The sentence jolted me.
“She was afraid of leaving her husband, potentially losing her children, her home, all of it. She slept with someone else because she was trying to convince herself that what she had with Scott was meaningless. And it wasn’t.
” Matt reached across the table and took my hand.
“Your brother forgives her. And I would forgive you, too, if you’d done that to me.
I’d forgive anything if it meant you’d come back. ”
That was true. He’d forgiven me when I’d chosen plane tickets instead of communication. If he could handle that kind of dramatic overreaction hitting him out of nowhere…
“I wouldn’t do that to you.” I wanted that to be totally clear. “But I believe that you’d forgive me.”

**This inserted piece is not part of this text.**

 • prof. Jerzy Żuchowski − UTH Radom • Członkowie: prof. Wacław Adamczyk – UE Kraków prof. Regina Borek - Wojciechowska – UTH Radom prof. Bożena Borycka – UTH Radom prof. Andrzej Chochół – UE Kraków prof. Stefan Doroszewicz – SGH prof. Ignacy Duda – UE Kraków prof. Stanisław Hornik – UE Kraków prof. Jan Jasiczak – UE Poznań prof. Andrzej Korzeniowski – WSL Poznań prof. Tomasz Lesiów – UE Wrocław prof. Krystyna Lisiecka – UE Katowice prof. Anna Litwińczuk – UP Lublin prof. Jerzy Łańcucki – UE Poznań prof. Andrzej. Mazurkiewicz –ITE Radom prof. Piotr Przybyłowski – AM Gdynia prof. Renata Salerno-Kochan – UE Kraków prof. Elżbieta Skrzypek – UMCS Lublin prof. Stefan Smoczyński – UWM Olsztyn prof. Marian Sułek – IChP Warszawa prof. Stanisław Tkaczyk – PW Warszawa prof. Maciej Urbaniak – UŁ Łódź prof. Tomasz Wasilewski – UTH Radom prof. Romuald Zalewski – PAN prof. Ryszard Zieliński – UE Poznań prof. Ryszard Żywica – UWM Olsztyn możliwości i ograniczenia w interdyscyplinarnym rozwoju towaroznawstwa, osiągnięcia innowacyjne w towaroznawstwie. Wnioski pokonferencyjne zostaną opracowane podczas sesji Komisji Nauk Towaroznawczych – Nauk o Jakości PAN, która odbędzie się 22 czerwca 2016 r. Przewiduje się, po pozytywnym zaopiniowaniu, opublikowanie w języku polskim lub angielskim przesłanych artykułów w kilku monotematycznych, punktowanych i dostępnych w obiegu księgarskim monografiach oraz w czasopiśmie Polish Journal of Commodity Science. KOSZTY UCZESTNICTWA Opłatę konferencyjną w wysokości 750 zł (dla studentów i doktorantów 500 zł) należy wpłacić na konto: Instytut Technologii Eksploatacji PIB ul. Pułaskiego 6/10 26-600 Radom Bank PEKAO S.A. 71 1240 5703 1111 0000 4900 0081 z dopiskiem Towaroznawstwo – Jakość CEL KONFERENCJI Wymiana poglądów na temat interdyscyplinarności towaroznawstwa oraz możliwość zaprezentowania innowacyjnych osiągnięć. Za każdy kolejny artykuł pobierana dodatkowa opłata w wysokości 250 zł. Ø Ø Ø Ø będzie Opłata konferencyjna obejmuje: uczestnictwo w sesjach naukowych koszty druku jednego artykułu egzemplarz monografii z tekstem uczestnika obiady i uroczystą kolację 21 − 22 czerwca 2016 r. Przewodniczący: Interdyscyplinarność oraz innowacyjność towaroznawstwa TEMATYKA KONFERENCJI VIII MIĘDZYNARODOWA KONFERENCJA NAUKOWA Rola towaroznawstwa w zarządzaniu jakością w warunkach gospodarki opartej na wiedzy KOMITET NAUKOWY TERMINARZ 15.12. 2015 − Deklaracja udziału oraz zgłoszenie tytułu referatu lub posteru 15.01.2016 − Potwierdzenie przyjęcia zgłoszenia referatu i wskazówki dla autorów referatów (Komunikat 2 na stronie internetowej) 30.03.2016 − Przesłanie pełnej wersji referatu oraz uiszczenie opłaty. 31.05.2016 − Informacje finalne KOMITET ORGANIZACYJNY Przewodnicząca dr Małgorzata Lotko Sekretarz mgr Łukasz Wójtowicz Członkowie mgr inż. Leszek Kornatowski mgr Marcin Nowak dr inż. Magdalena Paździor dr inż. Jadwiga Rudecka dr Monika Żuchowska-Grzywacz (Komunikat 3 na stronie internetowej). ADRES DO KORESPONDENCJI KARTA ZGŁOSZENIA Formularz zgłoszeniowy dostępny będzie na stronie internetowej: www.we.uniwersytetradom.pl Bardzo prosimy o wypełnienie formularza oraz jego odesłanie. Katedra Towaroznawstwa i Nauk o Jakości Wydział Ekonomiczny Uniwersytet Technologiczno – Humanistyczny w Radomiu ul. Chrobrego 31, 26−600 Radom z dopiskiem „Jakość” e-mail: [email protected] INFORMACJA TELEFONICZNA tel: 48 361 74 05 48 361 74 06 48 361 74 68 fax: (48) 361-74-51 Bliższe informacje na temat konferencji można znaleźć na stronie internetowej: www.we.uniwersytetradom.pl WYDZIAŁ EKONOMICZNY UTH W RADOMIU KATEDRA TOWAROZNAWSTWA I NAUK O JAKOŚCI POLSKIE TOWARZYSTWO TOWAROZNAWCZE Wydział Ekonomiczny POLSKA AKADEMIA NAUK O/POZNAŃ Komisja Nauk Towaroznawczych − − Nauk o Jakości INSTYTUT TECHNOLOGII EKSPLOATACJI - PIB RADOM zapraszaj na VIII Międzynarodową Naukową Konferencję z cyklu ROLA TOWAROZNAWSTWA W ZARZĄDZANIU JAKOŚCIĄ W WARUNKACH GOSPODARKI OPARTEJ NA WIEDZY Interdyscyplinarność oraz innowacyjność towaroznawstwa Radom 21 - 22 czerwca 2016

“And what about me? Would you forgive me?” he asked.
“Why, are you about to confess to something?” I countered.
“Of course not.”
“I would forgive you.” I would be devastated, but I would forgive him. Without hesitation.
“Then you understand Scott’s position. And since you were coming in here ready to change your identity and flee to another country because you thought I might ask you to marry me, I think you can understand Catherine’s, too.” He tried to make it sound like a joke. He failed, big time.
I watched his thumb stroking back and forth over my knuckles. I could imagine a ring there on my finger. I waited for my brain to transform it into a tiny pair of handcuffs. To my surprise, it didn’t.
“I wouldn’t have run away,” I said quietly.
“I’m glad to hear that.” He offered me a tremulous smile. “Because someday, I’m going to ask you to marry me.”
“Someday,” I echoed, “I’m going to say yes.”